Final answer:
Using the Rydberg formula, the wavelength of light emitted from the transition of an electron from n=4 to n=2 in a hydrogen atom is calculated to be approximately 486 nm, which is in the visible range of light.
Step-by-step explanation:
To calculate the wavelength of light emitted when an electron in a hydrogen atom undergoes a transition from n=4 to n=2, we can use the Rydberg formula for hydrogen:
\[\frac{1}{\lambda} = R_H \left(\frac{1}{n_1^2} - \frac{1}{n_2^2}\right)\]
Where:
- \(\lambda\) is the wavelength of the emitted light
- \(R_H\) is the Rydberg constant (\(1.097 \times 10^7 m^{-1}\))
- \(n_1\) and \(n_2\) are the principal quantum numbers of the initial and final energy levels, respectively
Plugging the values into the formula:
\[\frac{1}{\lambda} = (1.097 \times 10^7 m^{-1}) \left(\frac{1}{2^2} - \frac{1}{4^2}\right)\]
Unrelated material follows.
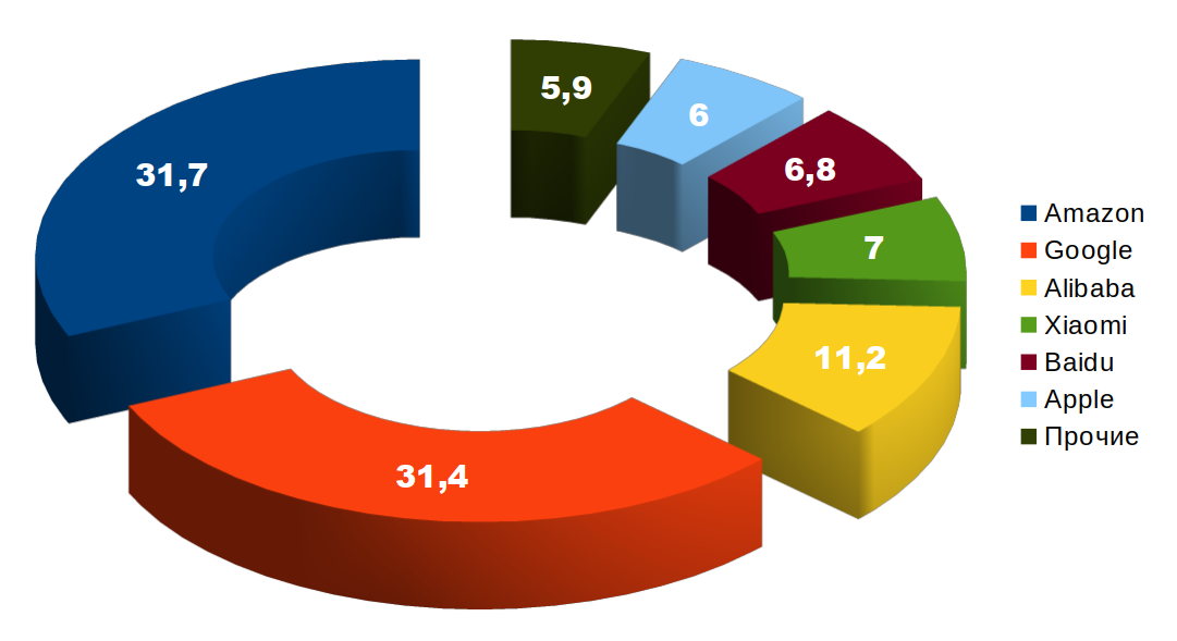 Глобальные продажи умных колонок (стационарных динамиков с постоянным подключением к Интернет-сервисам облачных голосовых помощников) во II кв. 2019 г. выросли почти вдвое по сравнению с аналогичным периодом годом ранее, до 30,3 млн единиц, свидетелтьствуют эксперты Strategy Analytics. Первенствовать на этом рынке продолжает компания Amazon, хотя доля её уменьшилась за год с 29,1 до 21,9%; на второй позиции — Google с примерно той же долей рынка, места с третьего по пятое занимают китайские Baidu, Alibaba и Xiaomi, и лишь замыкающей в шестёрке лидеров выступает Apple.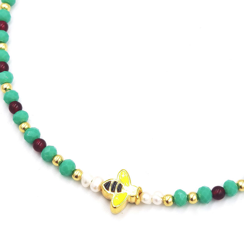 Κολιέ με επίχρυση μέλισσα , ατσάλινο κούμπωμα, μαργαριτάρια και χάντρες αχάτη και γυάλινες

\[\frac{1}{\lambda} = (1.097 \times 10^7 m^{-1}) \left(\frac{1}{4} - \frac{1}{16}\right)\]
\[\frac{1}{\lambda} = (1.097 \times 10^7 m^{-1}) \left(\frac{4}{16} - \frac{1}{16}\right)\]
\[\frac{1}{\lambda} = (1.097 \times 10^7 m^{-1}) \left(\frac{3}{16}\right)\]
\[\frac{1}{\lambda} = 2.055 \times 10^6 m^{-1}\]
\[\lambda = \frac{1}{2.055 \times 10^6 m^{-1}}\]
\[\lambda \approx 4.86 \times 10^{-7} m\]
The wavelength of light emitted by this transition is approximately 486 nm, which falls within the visible light spectrum, specifically within the blue range.